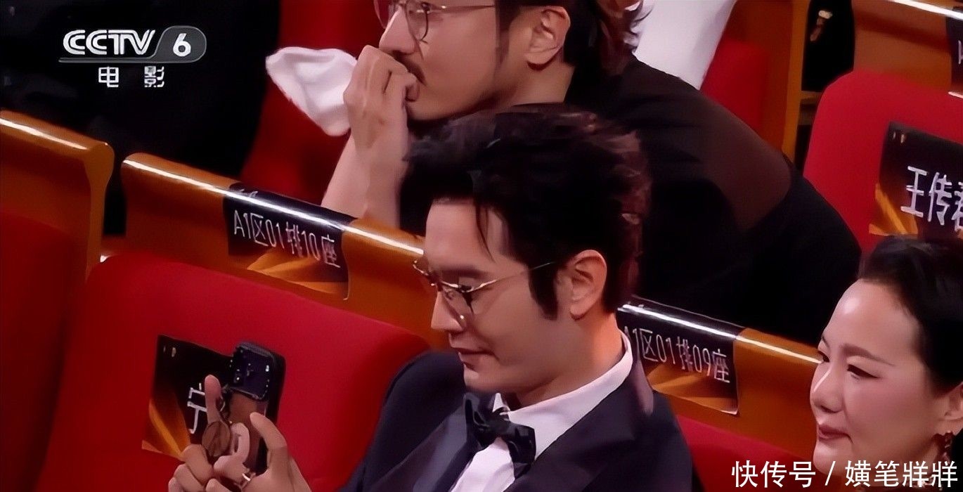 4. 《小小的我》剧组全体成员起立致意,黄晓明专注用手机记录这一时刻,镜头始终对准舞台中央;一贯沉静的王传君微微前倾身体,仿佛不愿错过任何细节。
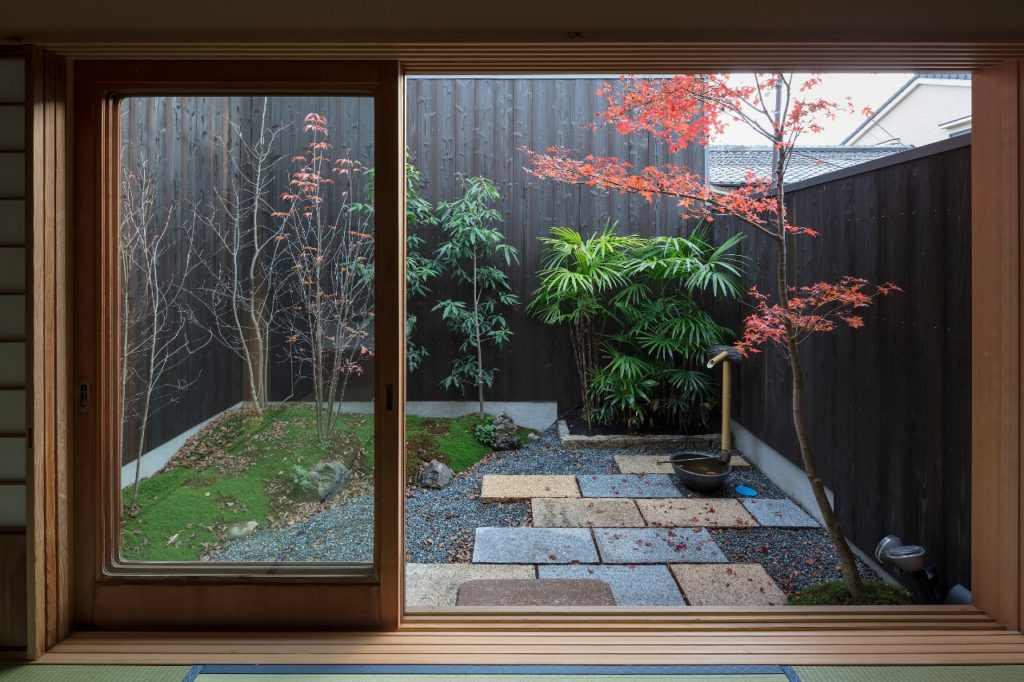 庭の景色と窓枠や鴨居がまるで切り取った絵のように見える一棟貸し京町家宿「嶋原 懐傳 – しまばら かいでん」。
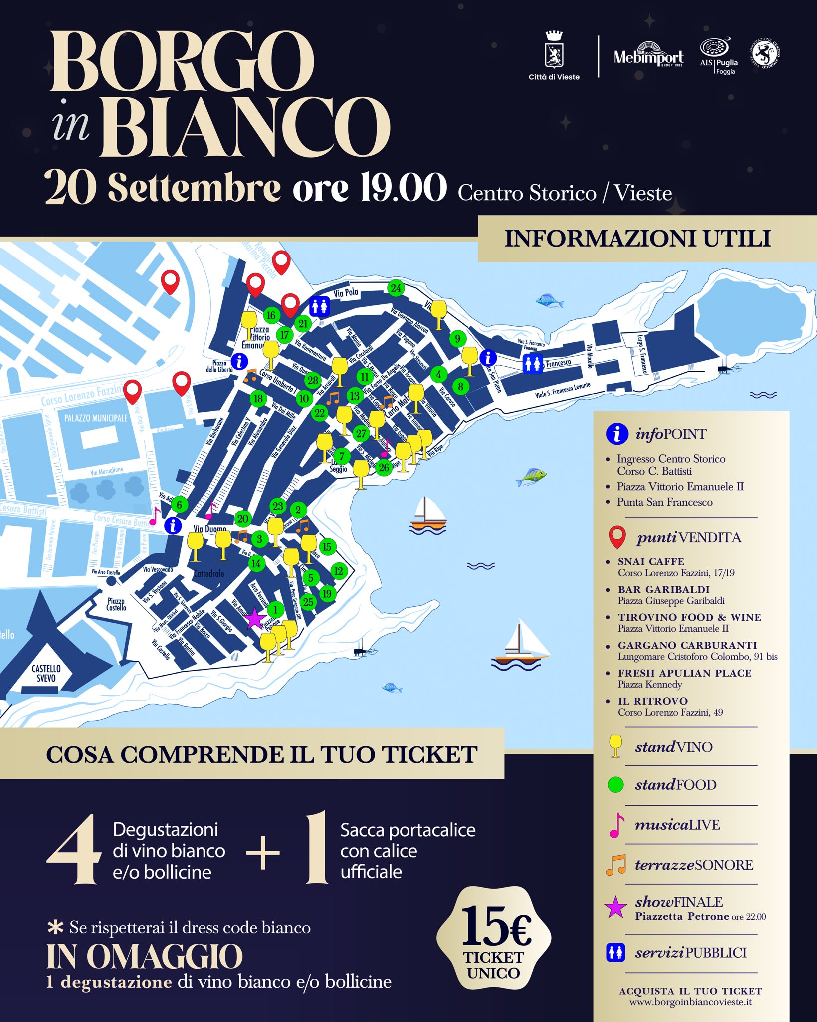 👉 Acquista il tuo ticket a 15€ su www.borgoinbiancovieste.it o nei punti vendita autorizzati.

- **Problem description**
Without the images, write out each line of the data verbatim.

- **Written solution**
 4. 《小小的我》剧组全体成员起立致意,黄晓明专注用手机记录这一时刻,镜头始终对准舞台中央;一贯沉静的王传君微微前倾身体,仿佛不愿错过任何细节。
 庭の景色と窓枠や鴨居がまるで切り取った絵のように見える一棟貸し京町家宿「嶋原 懐傳 – しまばら かいでん」。
 👉 Acquista il tuo ticket a 15€ su www.borgoinbiancovieste.it o nei punti vendita autorizzati.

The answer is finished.